Is that a guess, or a fact based on meta-studies showing that Bayesian-using papers cook the books more than NHST users with p-hacking etc?

Comment author: gwern 10 October 2014 02:10:38AM *  0 points [-]

everyone's beliefs radically flip as they go from 'grapes have been refuted and are quack alt medicine!' to 'grapes cure cancer! quick, let's apply to the FDA under a fast track'

Turns out I am overoptimistic and in some cases people have done just that: interpreted a failure to reject the null (due to insufficient power, despite being evidence for an effect) as disproving the alternative in a series of studies which all point the same way, only changing their minds when an individually big enough study comes out.
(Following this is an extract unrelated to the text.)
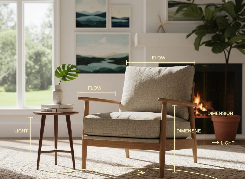 Once the human need and the quality of the piece are established, the focus shifts outward to the environment. This involves analysing the floor plan, natural light, and walking paths to identify design friction.

Hauer says this is exactly what happened with a series of studies on traffic mortalities.

(As if driving didn't terrify me enough, now I realize traffic laws and road safety designs are being engineered by vulgarized NHST practitioners who apparently don't know how to patch the paradigm up with emphasis on power or meta-analysis.)

Comment author: Douglas_Knight 13 May 2014 06:53:50AM 0 points [-]

doing a frequentist meta-analysis you'd count a study that got a p=0.1 result as evidence against

No. The most basic version of meta-analysis is, roughly, that if you have two p=0.1 studies, the combined conclusion is p=0.01.